Multi-connectivity is a consequence of organizations tending to seek a diverse portfolio of partners. In other words, they may connect to others in multiple ways to decrease their dependency on individual links (Glückler 2007). For example, organizations may link to other organizations through joint R&D projects in addition to existing buyer-supplier relations. Broekel and Hartog (2013a) provided empirical evidence for the relevance of such processes in the context of subsidized spatial networks.

Preferential attachment implies that the probability of creating additional links may increase with every new link a node possesses (Vinciguerra et al. 2010; Liu et al. 2015). Organizations with many relationships tend to have a greater flow of information about new activities and partners, and they also tend to have a stronger ability to evaluate these by means of collaborative behavior and appropriate resources (Polidoro et al. 2011). While Broekel and Hartog (2013b) hypothesized preferential attachment to play a role in networks of subsidized R&D collaboration, they failed to empirically confirm this. With respect to their relevance on link formation and dissolution, the literature clearly suggests a positive contribution to link formation, while discussions on their effects for link dissolution are largely absent. We therefore expect that their positive influence is also applicable to link persistence (i.e. these effects are negatively correlated with link dissolution).

  • Hypothesis 4: Network structures support link formation and suppress link dissolution.

3 Separable Temporal Exponential Random Graph Models

A range of methods can be applied to identify factors driving networks’ evolution (see, for example, a recent review of the most common approaches: Broekel et al. 2014). In the context of dynamic spatial networks, SAOM models in particular have been used (Balland 2012; Liu et al. 2013). These models are convincing due to their wide range of application possibilities, consideration of factors at all three levels of investigation, and usability with one and two-mode network data. While their applicability and functionality were unmatched in the past, the development of the TERGM (temporal exponential random graph model) and STERGM (separable temporal exponential random graph model) provides researchers with a legitimate modeling alternative. It is beyond the scope of the present paper to conduct a full review and an empirical comparison of the two models. For this, we refer to Broekel et al. (2014) and even more so to Leifeld and Cranmer (2016). The paper instead focuses on an application of the recently developed STERGM and seeks to highlight its three most prolific features that are crucial in the context of spatial (knowledge) networks: its nature as a tool of dynamic network analysis, its applicability to two-mode network data, and its ability to separate formation and dissolution processes. While SOAMs offer similar features, these are achieved by the fundamental assumption of agency residing with the nodes. In other words, the models are built on actor-based behavioral assumptions (Park and Newman 2004). When applying these models to inter-organizational or inter-regional networks, this assumption of agency is likely to be violated (Broekel et al. 2014). Moreover, recent theoretical and empirical comparisons suggest that (S)TERGMs outperform SOAMs (Leifeld and Cranmer 2015), which further motivates the presentation of STERGM for the analysis of spatial (knowledge) networks.

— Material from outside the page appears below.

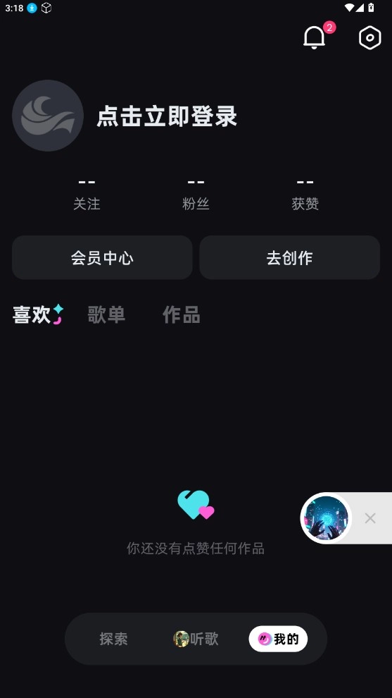 5、我的页面可以查看“喜欢”“歌单”和创作的作品,也能点击创作页进入创作中心

The separable temporal exponential random graph model (STERGM) is a recently developed extension of the exponential random graph model (ERGM) (Krivitsky and Handcock 2014); as such, it is part of the ERG family (also known as p*-models (Robins et al. 2007)).

As neither nodes (actors) nor dyads (relationships) are completely independent from each other, classical econometric models such as regression analysis do not effectively explain the structure of observed networks (Broekel et al. 2014). For that reason, Frank and Strauss (1986) developed the so-called Markov dependence on which ERGMs are based. It implies that a given dyad between two actors impacts and is impacted by any further link of those two actors (Robins et al. 2007). Therefore, links are defined as being “conditionally dependent” (Ibid: p. 181).

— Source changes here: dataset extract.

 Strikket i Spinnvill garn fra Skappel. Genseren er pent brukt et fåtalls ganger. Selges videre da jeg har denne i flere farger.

Models of the ERG family consider link creation as a continuous process, and the observed network structure is seen as one possibility out of a large set of potential networks with similar characteristics (Robins et al. 2007). This range of possible network patterns and their likelihood of appearance “is represented by a probability distribution on the set of all possible graphs with this number of nodes” (Ibid: p. 176). Hence, a good ERGM has a high probability of simulating the observed network by finding the correct coefficients of the determinants impacting the network structure. For this purpose, a Markov chain Monte Carlo maximum likelihood estimation (MCMC MLE) procedure is used to simulate and evaluate the modeling process (Broekel et al. 2014).

Mathematically, an ERGM is defined as follows (Robins et al. 2007):

$$ \mathit{\Pr}\left(Y=y\right)=\left(\frac{1}{\kappa}\right)\mathit{\exp}\left\{{\sum}_A{\eta}_A{g}_A(y)\right\} $$

where Pr(Y = y) is the probability that the observed network (y) equals the simulated network (Y). The network configuration A is considered by ηA, and the network statistics are represented by gA(y). The network configurations are the determinants with which the researcher attempts to explain the network structure, such as cognitive proximity. ERGMs allow the inclusion of node, dyad, and structural determinants at the same time (Broekel et al. 2014). gA(y) is either 1 if the configuration is observed in y, or 0 if it is not. The factor κ is a normalising constant that is implemented to ensure a proper probability distribution of the equation (Robins et al. 2007).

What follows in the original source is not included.